MORTE – Para o desembargador, “a vida é um caminho” – ponto alto de toda filosofia que tende a enxergar no universo pólos de constantes mutações, objetivo já das meditações milenares de Marco Aurélio. Em paz com suas escolhas, e crente da validade da própria trajetória, sem desalinhos ou excessos, considera muito bom seu atual estado de espírito: “tenho duas filhas queridas, amo minha mulher, possuo grandes experiências conjuntas e gosto do meu trabalho”. É pela satisfação, então, que "não encontra dificuldade para encarar a idéia da morte". Se a sociedade moderna faz questão de esconder nossas despedidas, enclausurando os casos de doenças fatais, vedando o corpo em caixões de luxo, o magistrado encara a finitude como parte do próprio fenômeno vida. Se pudesse sugerir sua ida pediria apenas que fosse, claro, com tranqüilidade – tranqüilidade apresentada por ele diante dos revezes e das felicidades. Mais uma importante lição do mestre: “Embarca-se, faz-se a viagem, chega-se ao porto: desembarca-se, então”.
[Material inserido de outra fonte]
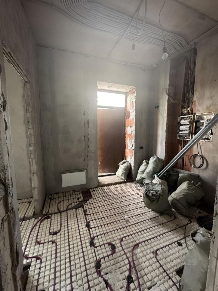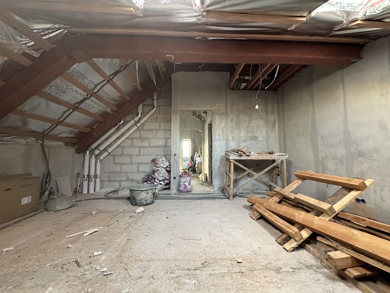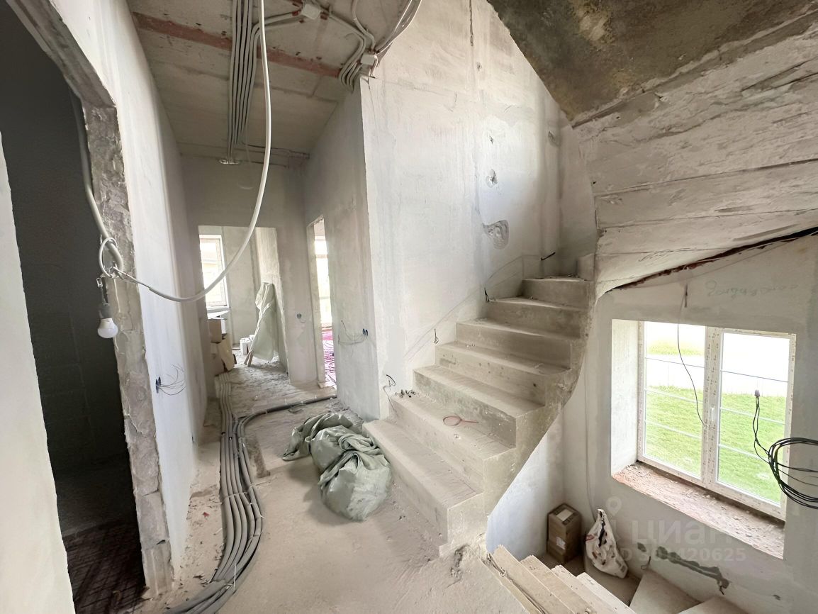 Сделан черновой ремонт: возведены стены из пазогребня, залита межэтажная лестница с первого на третий этаж, стены поштукатурены, разведена электрика и водоотведение с отоплением по всему дому,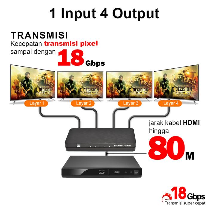 TERLARIS HDMI SPLITTER 1 INPUT 4 OUTPUT FULL HD 3D 4K 4 PORT PX HD2141 BLACK

PRESENTE – Viver cada dia como se fosse o último é uma das mais contundentes sugestões da filosofia estóica: “lembra-te que o homem vive só no presente, neste momento fugaz: todo o resto da vida é ou passado e já ido, ou ainda não revelado”. O posicionamento no presente, dispensando as sobras do passado e evitando planejamentos maiores para o futuro, garante dose extra de tranqüilidade ao magistrado, tão importante para a efetivação da sua experiência. Para fazer valer a eternidade do instante do momento, evita o rancor: "muitas decepções que tive, já esqueci, não vale a pena retê-las". Mas não deixa morrer a alegria: "Passar no concurso para juiz foi uma explosão de alegria". No fim das contas, tempera com intensidade, a intensidade do hoje, sua tão característica tranqüilidade. É a própria experiência da vida que defende, com unhas e dentes: “Não vejo mérito na omissão, nem naqueles tipos que passam a vida em brancas nuvens”.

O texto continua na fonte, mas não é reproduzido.